Rory Carroll (@ rorycarroll7 2) June 30, 2016
Craig Sanderson lived under an oak tree with Spike. ‘This is my house. It’s quiet. Downside? The dirt.’ #homeless pic.twitter.com/ 0ZdmzVznII
Pacheco, the woman living under brambles, was proud of her they are able to pasture and lives alone. But separation had unmoored her. Despite no academic background she spoke of drafting existing laws and find a Guggenheim fellowship. She wanted a laptop for investigate but abjured a telephone. Ive no one to call.
Syphy, who heralded the rivers air-conditioning prowess, told you he find close to nature and joked that the parkways maintenance crews were his maids. But even he felt it was a incorrect sanctuary.
If you think this is Huck Finn romance, good luck stepping out of a barge and not stepping on a fucking needle. Croak to a tweaker clique and youll discover the most difficult mess youve ever seen.

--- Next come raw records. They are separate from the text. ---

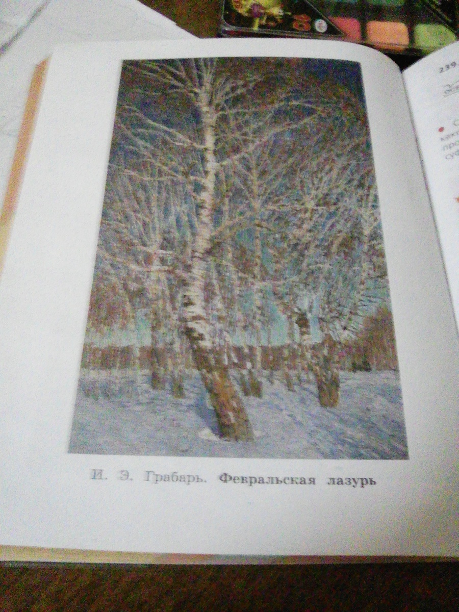 Изображение зимнего пейзажа на картине русского художника Игоря Грабаря передает настроение зимнего леса, уже готовящегося к приходу весны. Последние зимние дни в лесу, февральская лазурь, окутывающая редкие березы.Картина изображена таким образом, словно художник рисовал её лежа, смотря на образец снизу. И этот прием придает картине удивительный эффект.Березы, снег, небо, казалось бы, сколько белого цвета нужно использовать, чтобы изобразить эту картину. Но художник не перенасыщает картину светлыми тонами. Не совершенная чистота снега, проблески проталин — все говорит о скором приближении весны.Весенних же цветов использовано много — целая палитра пастельных и ярких тонов. Немало оттенков голубого цвета, цвета ультрамарина, в который окрашено небо над березовым лесом. Сочетания этих цветов сливаются в невероятную гармонию- музыку весны, и легкую грусть расставания с зимой.Форма березы, изображенная на картине «февральская лазурь» заслуживает отдельного внимания. На фоне лазурного неба ветки березы имеют удивительный, таинственный и притягательный вид. Эта, картина, безусловно, поднимает настроение тем, кто её рассматривает. Именно такого эффекта добивался художник. Радость прихода весны, улыбка проснувшихся деревьев, ясное голубое небо нежно легли на холст «поэта русской зимы» выдающегося русского художника Игоря Грабаря.На центральной березе еще виднеется кружевной иней, он сверкает блестками, словно на березу накинуты бусы. Настоящая красавица — русская береза. А позади величественной «солистки» создают ансамбль не менее прекрасные березки, которые также радуются скорому приходу весны и готовы встретить её своей праздничной лесной песней.Даже название картины «Февральская лазурь» уже дает понять, что эта картина раскроет удивительный поэтический мирок русской поздней зимы, представленный в изображении небольшого кусочка родной земли.http://opisanie-kartin.com/opisanie-kartiny-igorya-grabarya-fevralskaya-lazur/
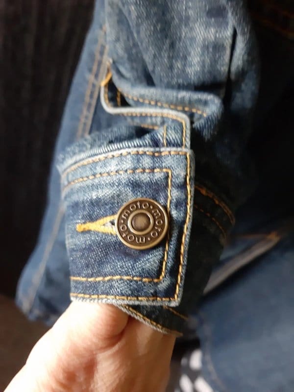 The Moto Navy Blue Denim Jacket UK12 is made from denim.
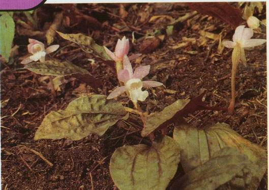 形态特征:兰科独花兰属多年生地生草本植物。假鳞茎具节,淡黄白色,顶生1枚叶。叶具柄,叶片宽卵形或宽椭圆形,长7-11厘米,宽4.5-8厘米,全缘,下面带紫红色; 叶柄长5.5-9.5厘未。3-4月开花,花葶上有2-3枚鞘状退化叶;花单朵顶生,直径5.5-7厘米,常淡紫色,罕为白色;萼片3,长圆状披针形;花瓣倒卵状匙形;唇瓣宽大,3裂,侧裂片斜卵形,直立,围抱蕊柱,中裂肾形,边缘稍皱波,内面唇盘上具5条纵褶片,具紫红色疣点和细点,基部具长约2厘米稍弯曲的距。
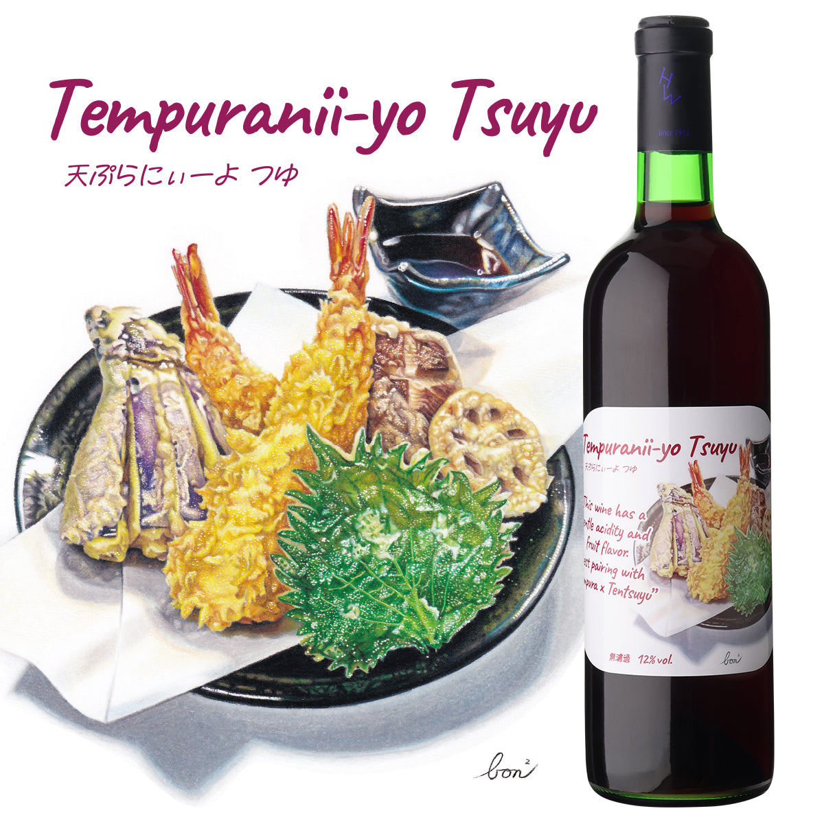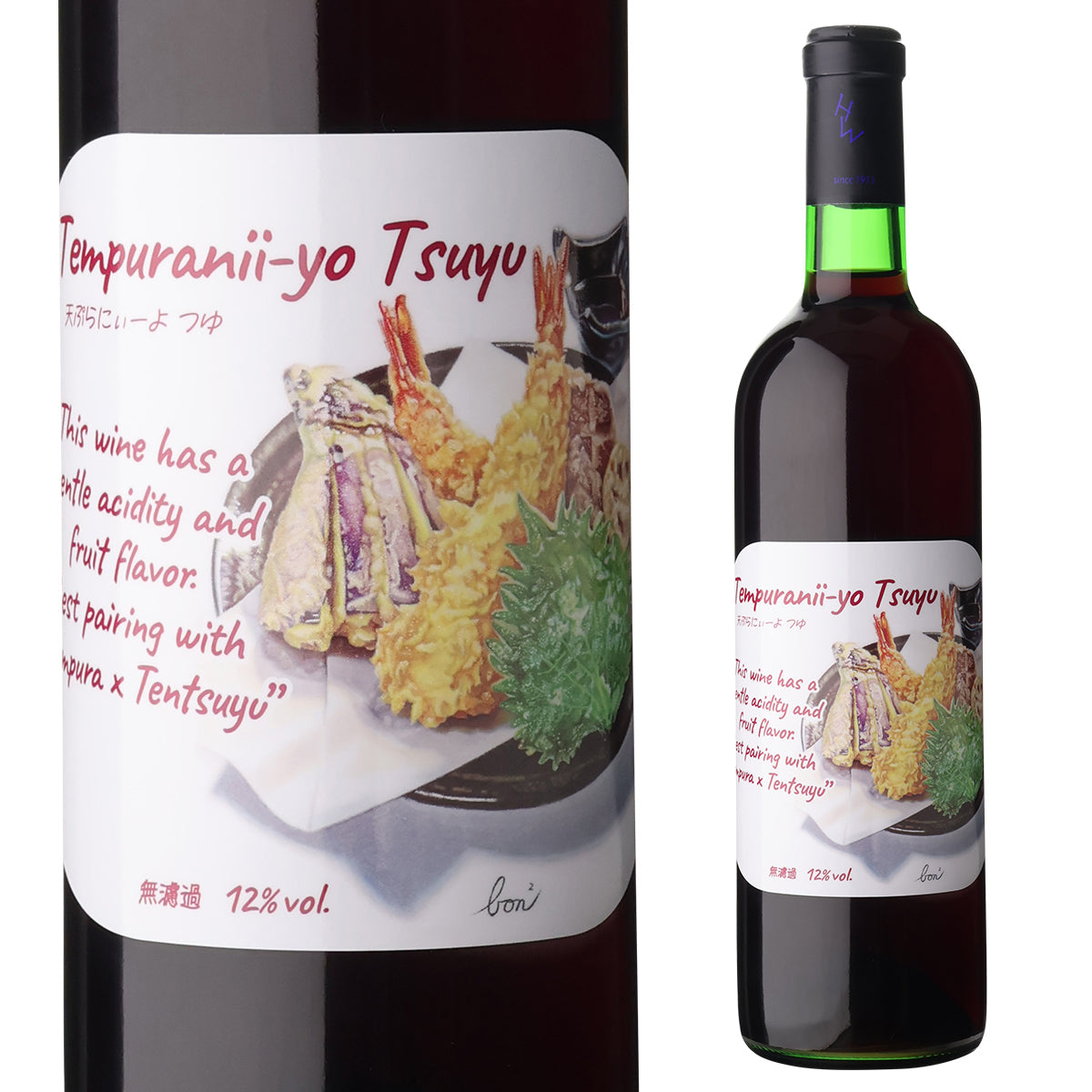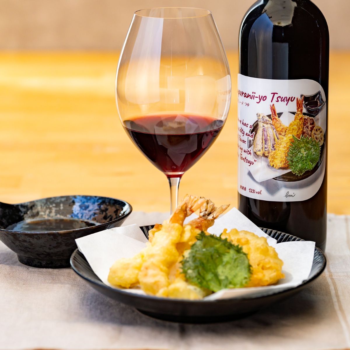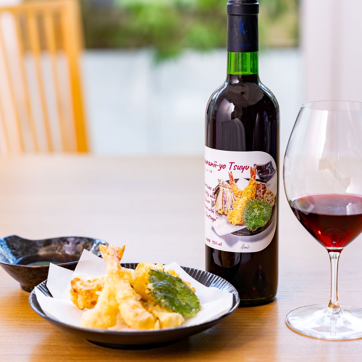 天つゆで食べる天ぷら用に造られたワイン! 『天ぷらにぃーよ つゆ!!』 マスカット・ベーリーAから造られた日本産の赤ワインは、食材の旨味を引き立てる出汁のような繊細な味わいで、日本食に寄り添う優しさが魅力です。特に、つゆでいただく天ぷらとは絶妙なペアリングをお楽しみいただけます。軽く冷やしてお召し上がりください。
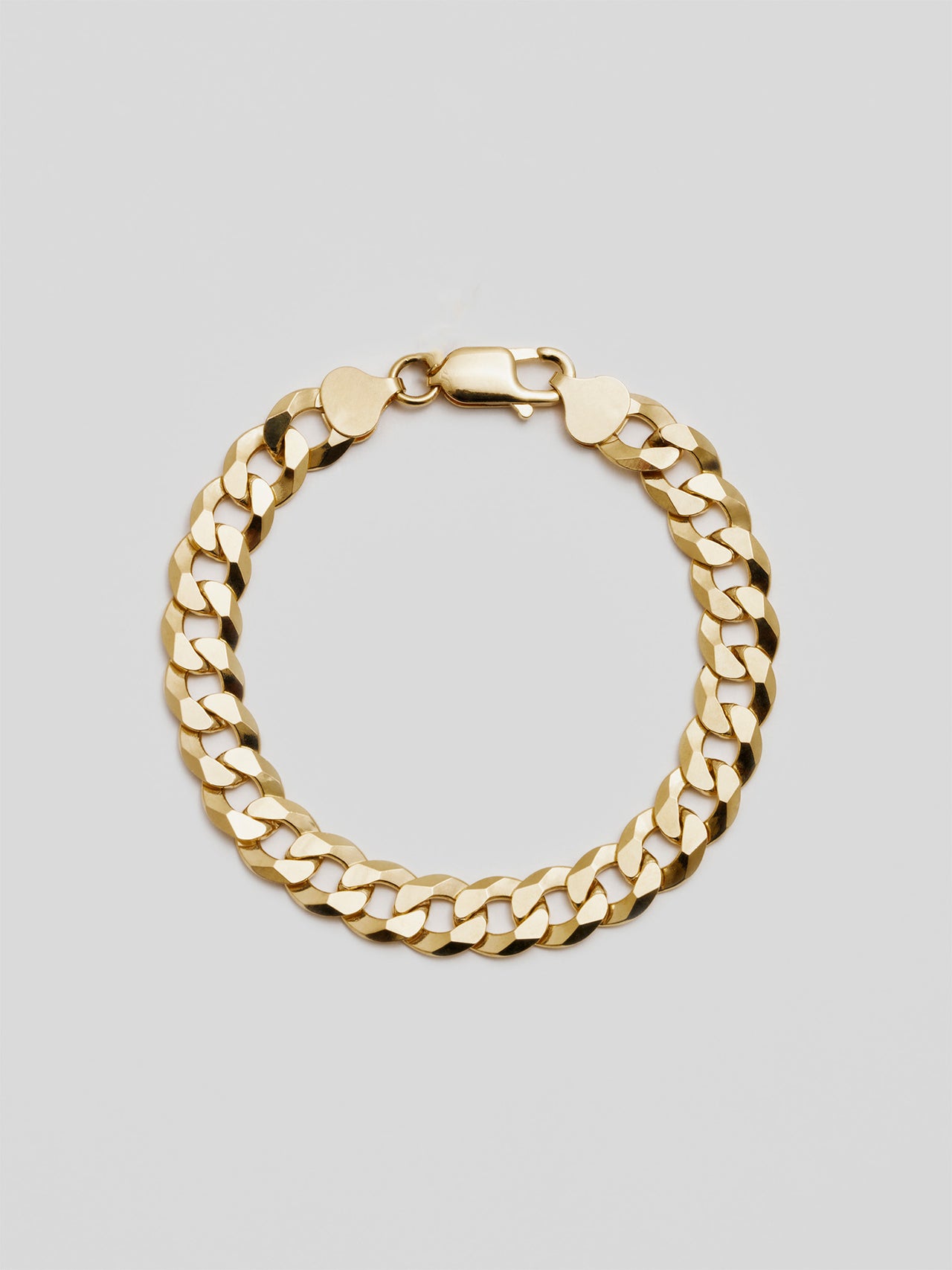 Flat Curb Chain Bracelet:14Kt Plated Sterling Silver Flat Curb Chain Width: 9mm Length: 7"
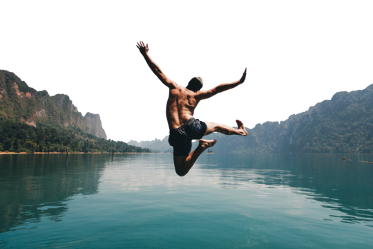 PNG Man jumping with joy by a lake, collage element, transparent background
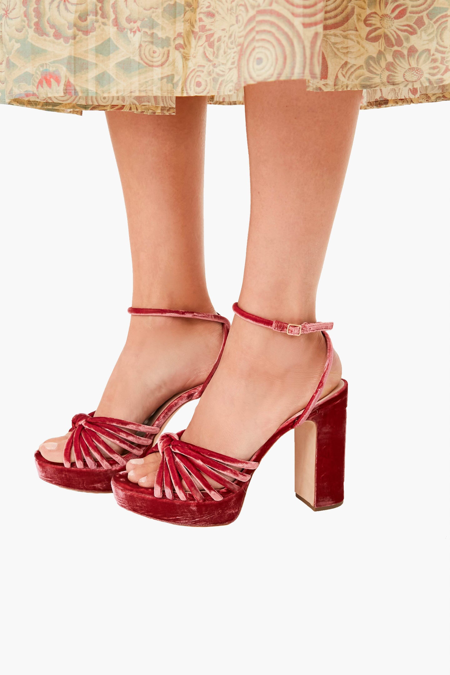 The Tea Rose Velvet Rika Heels make a statement and are a must-have for any wardrobe. In a beautiful neutral pink hue, these shoes feature a strappy platform toe with a knotted detail, an ankle strap, and a block heel. Wear with denim and a fun blouse for a chic look to grab drinks with the girls, or pair with a midi dress for glitzy social occasions.
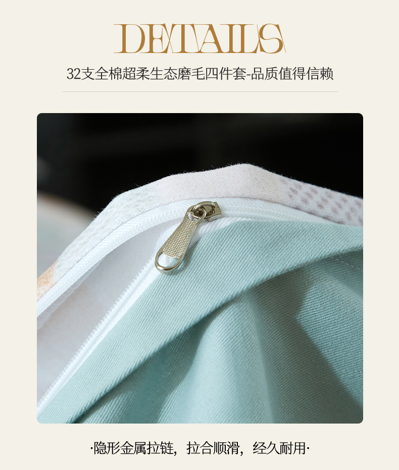 商品名称:曼秀琳 2025秋冬新款32支超柔生态磨毛四件套 闲偶-绿
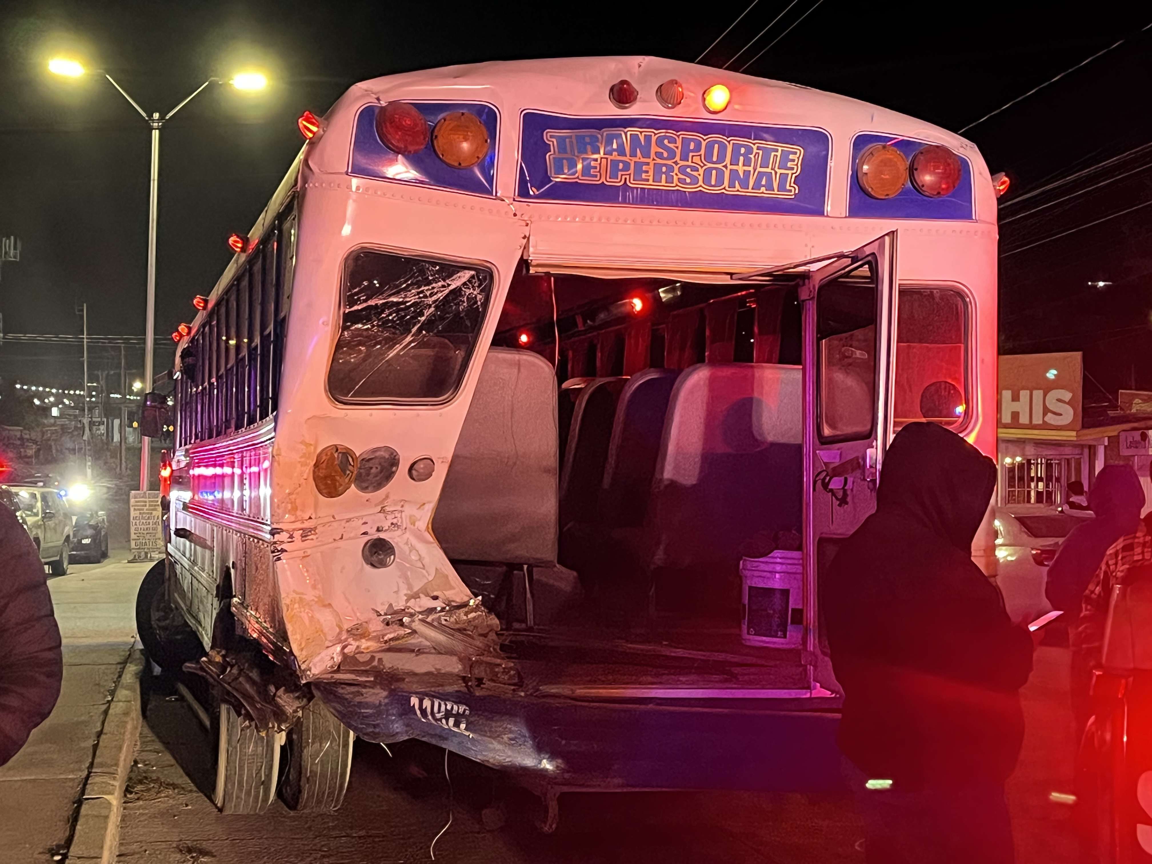 En cuanto al camión de transporte de personal, éste llevaba empleados de una maquiladora; únicamente dos mujeres resultaron con golpes leves y fueron atendidas en el sitio.
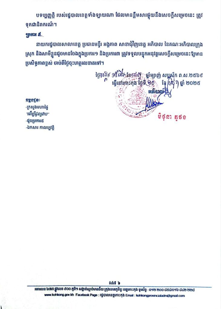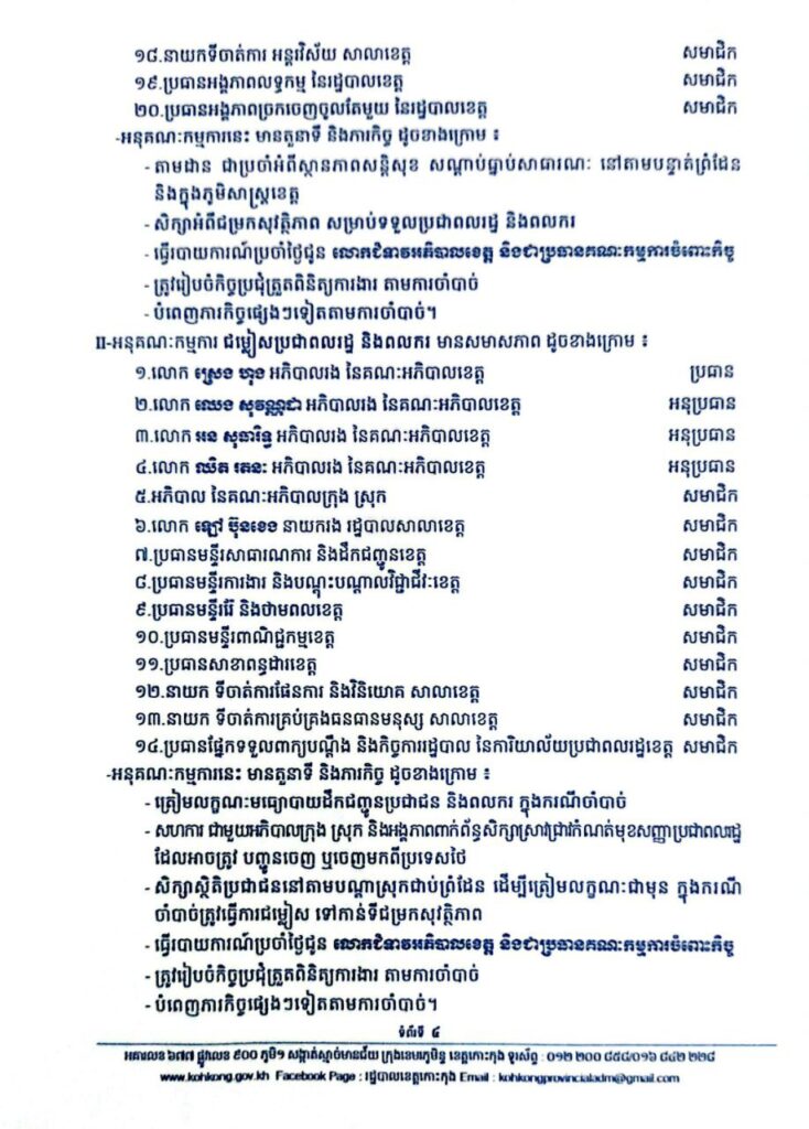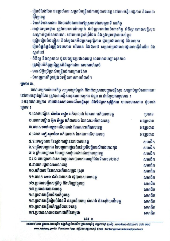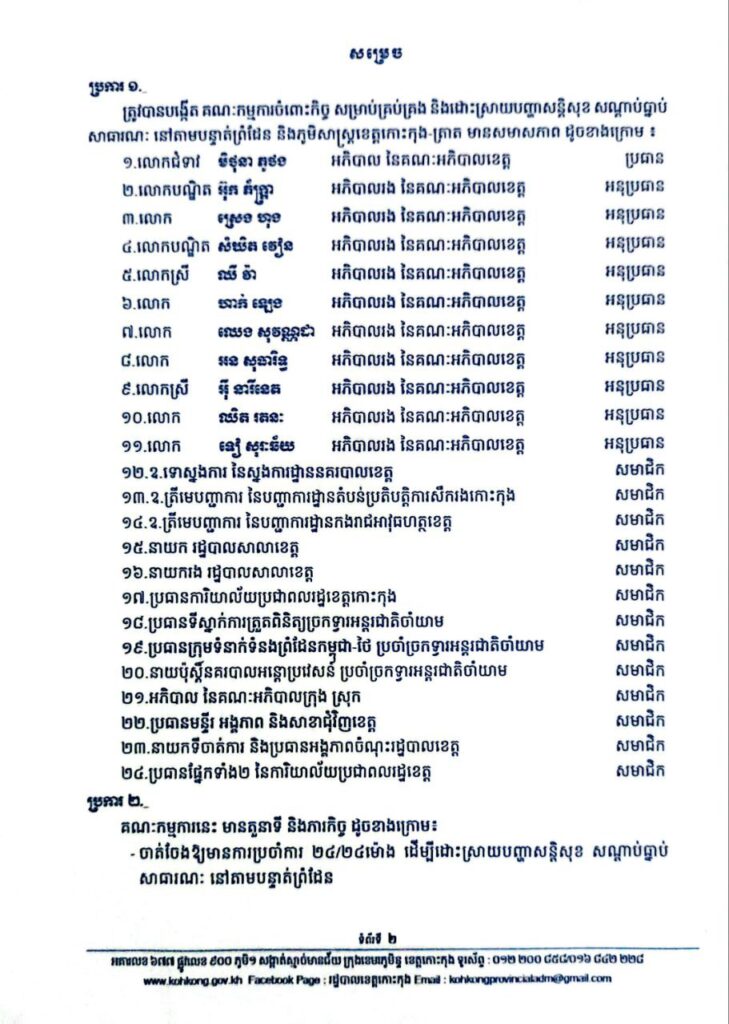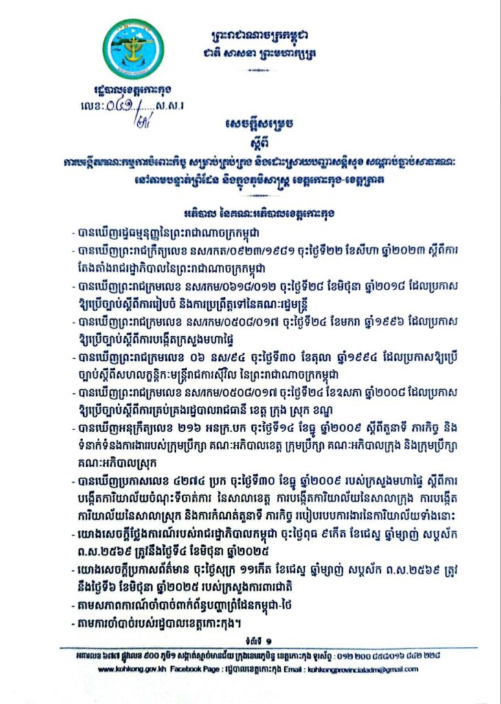សេចក្តីសម្រេច ស្តីពីការបង្កើតគណៈកម្មការបំពោះកិច្ច សម្រាប់គ្រប់គ្រង និងដោះស្រាយបញ្ហាសន្តិសុខ សណ្តាប់ធ្នាប់សាធារណៈ នៅតាមបន្ទាត់ព្រំដែន និងក្នុងភូមិសាស្ត្រខេត្តកោះកុង-ខេត្តត្រាត

They plagiarize and go into your stuff. I dont trust parties out here.
Rory Carroll (@ rorycarroll7 2) June 30, 2016
Richard Dean aka Syphy. ‘Best air conditioning – the American river. But starting to suck being out of me.’ #homeless pic.twitter.com/ XDMWXs4zKp
A former meths junkie himself, Syphy had been sober three years he ascribed enjoy for his hound but horror a recurrence. He dreamed of moving to Alaska before it was too late. This target is truly are now beginning to suck the spirit out of me.